The Mountjoy brothers must also have had a wide circle of friends and acquaintances,
particularly among the better-off Cornish and Scottish graziers and in the Wesleyan community.
Many of these would have been easily encouraged to spend a weekend or a week at Louttit
Bay. Some no doubt initially visited Thomas Mountjoy over the Christmas and New Year
period, as many of his relatives must have done, including Lawrence Mountjoy and Jane and her
ageing father, William.
Was there a moment in 1868 when Sophie Mountjoy, snowed under with children and visitors,
complained that she couldn't take any more? Was some remark made at dinner, or by one of
the brothers as they sat discussing their various business problems over a glass of port?
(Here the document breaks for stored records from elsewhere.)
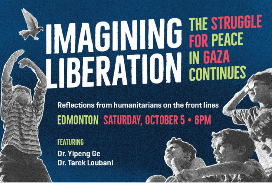 October 5th, Saturday – Imagining Liberation: The Struggle for Peace in Gaza Continues: “Join us on October 5 at the Imagining Liberation stop in Edmonton, where vital Palestinian voices and allies will share their perspectives. Gain a firsthand understanding of what it means to continue advocating for Gaza’s freedom in the face of ongoing atrocities.”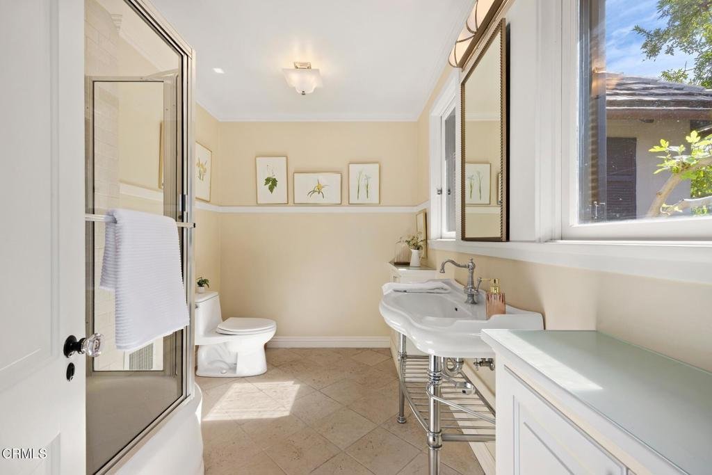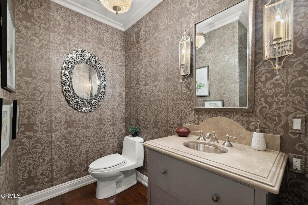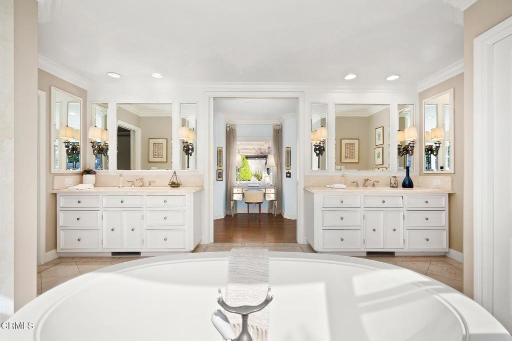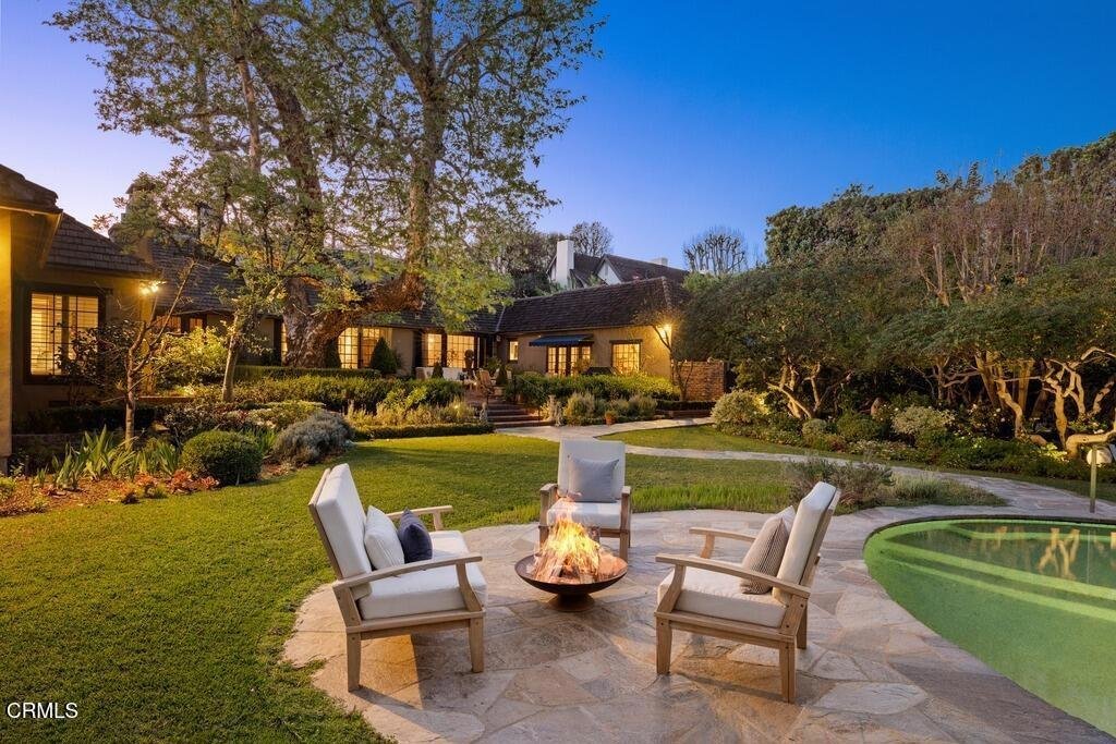 A distinguished four-bedroom, five bath, single story French Normandy residence, thoughtfully renovated and meticulously maintained, set on more than 29,000 square feet of parklike grounds in Pasadena's coveted Caltech Huntington Library district. Designed for easy living, the light filled floor plan offers seamless indoor-outdoor flow, ideal for daily living as well as gracious entertaining.The grand living room opens through sliding French doors to a large brick patio and an extraordinary, award-winning garden beyond. Anchored at the eastern edge of the property by a magnificent redwood, the grounds unfold across a sparkling pool and expansive lawn, creating a serene and private outdoor setting that embodies the best of the California lifestyle.The chef's kitchen features stone countertops, custom furniture grade illuminated cabinetry, and professional stainless-steel appliances by Sub Zero, Miele, Wolf, and Bosch. A cozy family room, with beamed ceiling, built in bar, and wood burning fireplace, opens to both the kitchen and the outdoor brick patio. A well-appointed butler's pantry, with Sub Zero beverage refrigerator, freezer, and abundant built ins, sits just beyond the kitchen and adjacent to a versatile fourth bedroom, office, or gym with a three-quarter bath and laundry.A handsome library with its own fireplace provides a quiet retreat and thoughtfully separates the public living spaces from the homes two private bedroom wings. The primary suite is a true sanctuary, introduced by a vestibule entry and centered around a generous bedroom with lounging area and fireplace. Two luxurious baths feature stone counters, expansive showers, custom cabinetry, and bespoke California Closets; one bath includes a soaking tub with French doors that open to a private secret garden. The secondary wing features two spacious en suite bedrooms, each enjoying abundant natural light and generous walk-in dressing closets.In addition to the front-of-house circular driveway, there is a recently constructed 680-square-foot detached garage with a ceiling height that can accommodate up to six vehicles. An attached 163-square-foot storage, playroom, or bonus space complements the building. Gated and fenced, the property offers exceptional comfort and privacy.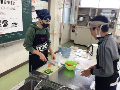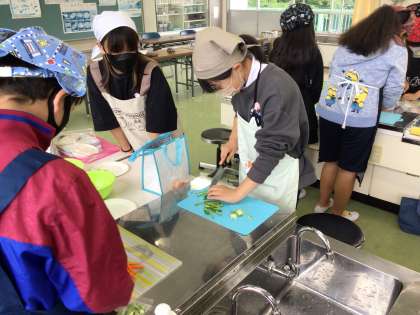 6年2組の家庭科では、「いろどりいため」の調理実習です。にんじんやピーマンなどの野菜を丁寧に包丁で切っていました。上手に切れたかな?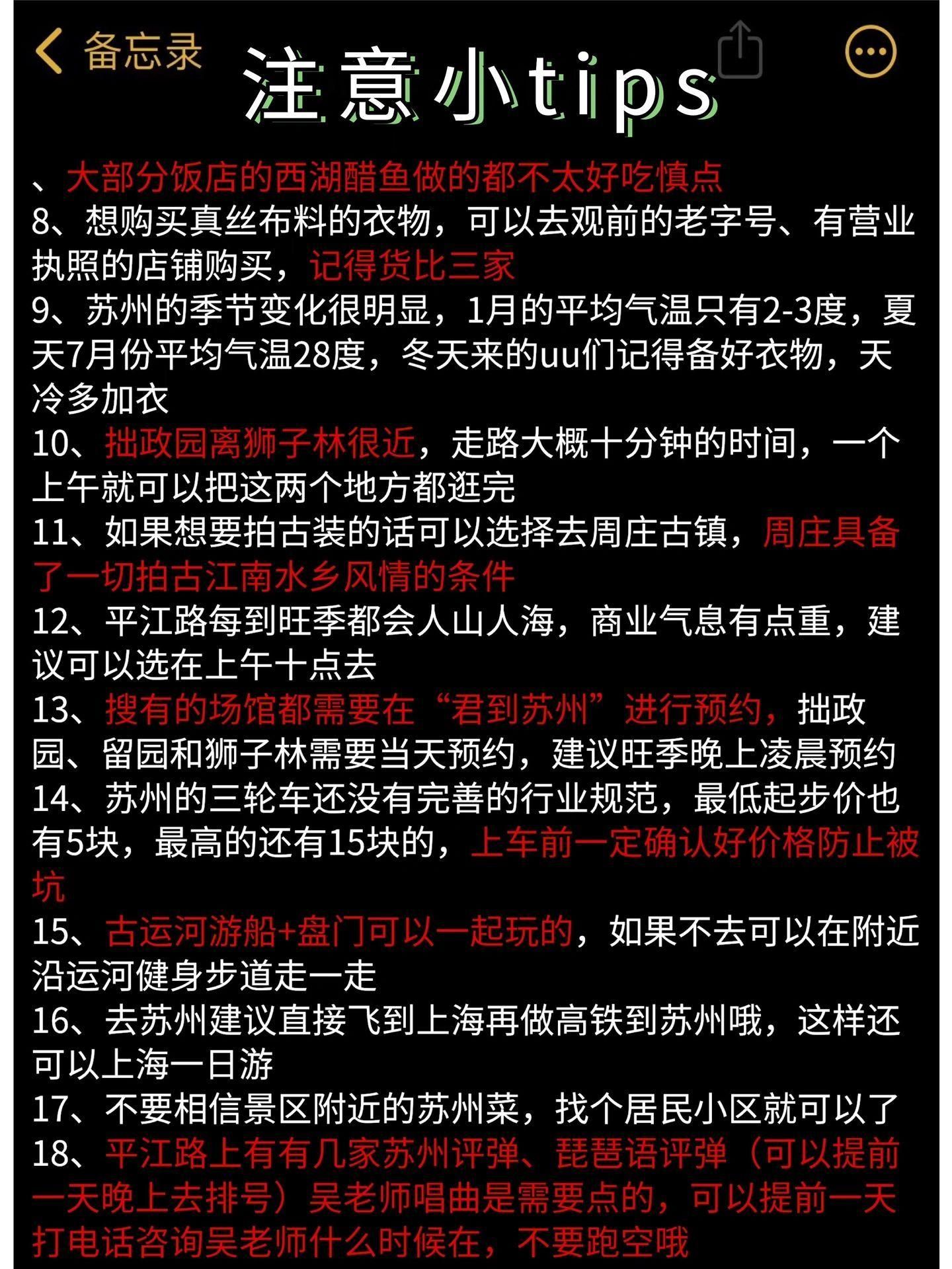 ✅路线推荐:第一天:拙政园 - 一狮子林 - 一苏州博物馆 - 一诚品书店 - 一金鸡湖看日落 - 一去听评弹第二天:西园寺吃素面 - 一十全街 - 一留园 - 一七塘街夜景 + 手绘书签第三天:虎丘 - 一双塔集市 - 一东官上点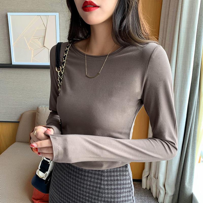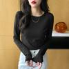 Белая футболка с длинными рукавами для женщин, весна и осень, женская, новая модная студенческая футболка из чистого хлопка, однотонная, с загнутыми краями, верхняя часть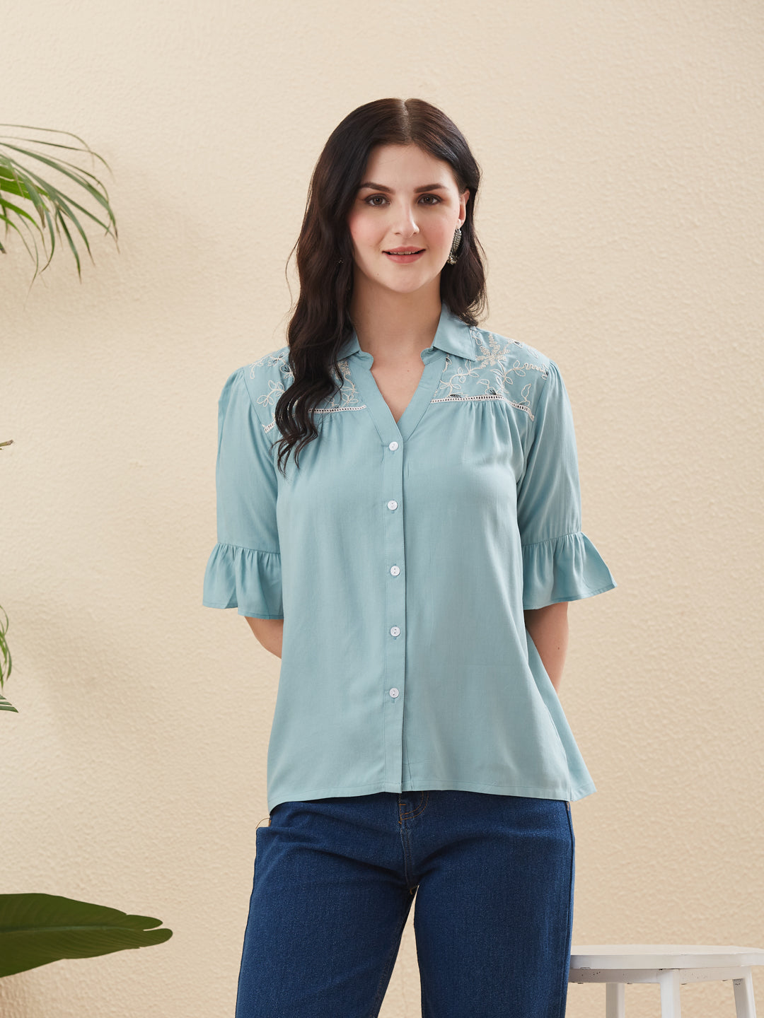 Blue Rayon Embroidered Shirt for Women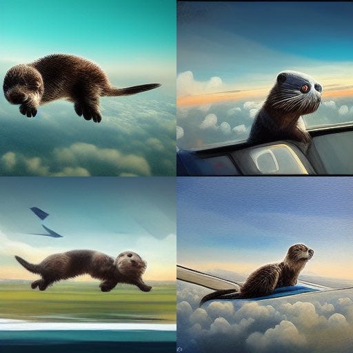 “Otter on a plane using wifi”, November 2022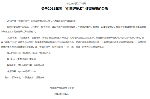 “中國好技術”是為深入貫徹落實黨中央、國務院關于實施創新驅動發展戰略和“大眾創業、萬眾創新”的精神,不斷激發全社會的創新創業活力,營造全民創新的良好氛圍,由中國生產力促進中心協會同國家相關機構和企業共同發起和舉辦的,此獎項評選為每年一次。在2016年度“中國好技術”征集中,得到了全國各級生產力促進中心和相關企業的大力支持,共征集科技創新產品和可產業化技術成果286項,獲得“中國好技術”稱號有108個項目。評審“中國好技術”這項工作的目的,就是要把蘊藏在民間的好技術變成好產品,把好產品推向國內外市場,讓中國的好產品變成中國的好品牌,讓中國的好品牌產生巨大經濟效益和社會影響。讓“中國好技術”服務和支持“一帶一路”引領下的世界經濟發展新格局,讓“中國好技術”走出國門,走向世界。

Somebody may have said: Why don't we build a hotel?'
Much of the material for the construction of the building (the first to be built there of stone)
would have come by sea, and been ferried, or carried, ashore. The furnishing would have
likewise arrived. The visitors, for the most part, came by horse over the mountain ranges. The
track had to be widened, to accommodate wheeled transport, and by 1872, with government
assistance, it was. Meanwhile, the government's surveyor, AC Allen, had visited the area in
1869 - presumably he was well looked after at the newly built Erskine House -and he
subdivided Louttit Bay into 29 allotments, none bigger than two acres. Mr Allen also changed
the settlement's name to Lome - after the Marquis of that name.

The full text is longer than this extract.